EXERCISE »
Begin at the line containing "CONNECT IT FOR" and copy exactly through the last line of the listing, skipping every picture.

GIVEN INFORMATION »
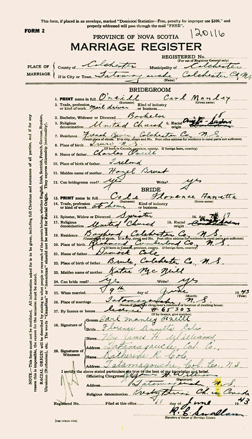 Birth Born on 1925 in Truro, Colchester Co., NS Death Died on 2011 Buried in Sunny Brae Cemetery in Oliver, Colchester Co., NS Marriages COLE, Florence Annetta Married on June 09, 1943 in Tatamagouche, Colchester Co., NS Children O'NEIL, Floyd Carman: August 15, 1943 - November 19, 1943 Notes Occupation: Rural Mail Carrier Sources Colchester Cemeteries: Sunny Brae Cemetery Oliver,NS Images Carl & Florence (Cole) & Floyd O'Neil Florence Cole Marriage
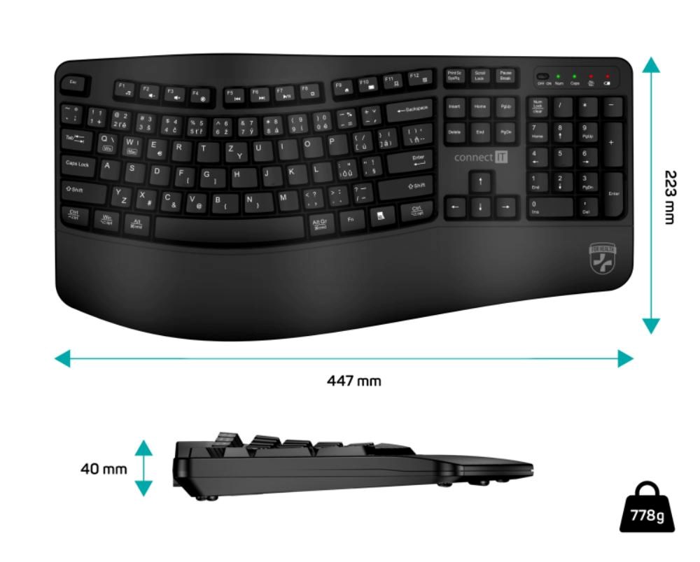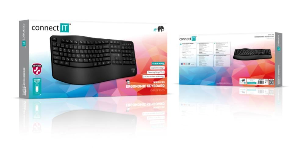 CONNECT IT FOR HEALTH Ergonomická klávesnice ErgoOffice, Bezdrátová, CZ+SK, černá
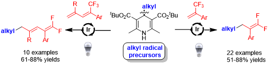 Photoredox Defluorinative Alkylation of 1-Trifluoromethyl Alkenes and 1,3-Butadienes with 1,4-Dihydropyridines as Alkylation Reagents.
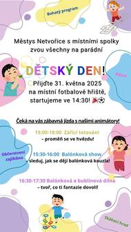 ve spolupráci s místními spolky vás srdečně zve na pálení čarodějnic na fotbalovém hřišti. Od 17:00 hodin začíná pro děti zábavné odpoledne s překvapením. Pro ostatní začíná program od 19:00 hodin. Po setmění zapálíme hranici a společně si opečeme buřty. V 18:00 hodin se můžete zúčastnit tradičního stavění májky na náměstí. Odkaz https://www.netvorice.cz/aktuality/paleni-carodejnic4

ANSWER FOR THE TASK »
 CONNECT IT FOR HEALTH Ergonomická klávesnice ErgoOffice, Bezdrátová, CZ+SK, černá
 Photoredox Defluorinative Alkylation of 1-Trifluoromethyl Alkenes and 1,3-Butadienes with 1,4-Dihydropyridines as Alkylation Reagents.
 ve spolupráci s místními spolky vás srdečně zve na pálení čarodějnic na fotbalovém hřišti. Od 17:00 hodin začíná pro děti zábavné odpoledne s překvapením. Pro ostatní začíná program od 19:00 hodin. Po setmění zapálíme hranici a společně si opečeme buřty. V 18:00 hodin se můžete zúčastnit tradičního stavění májky na náměstí. Odkaz https://www.netvorice.cz/aktuality/paleni-carodejnic4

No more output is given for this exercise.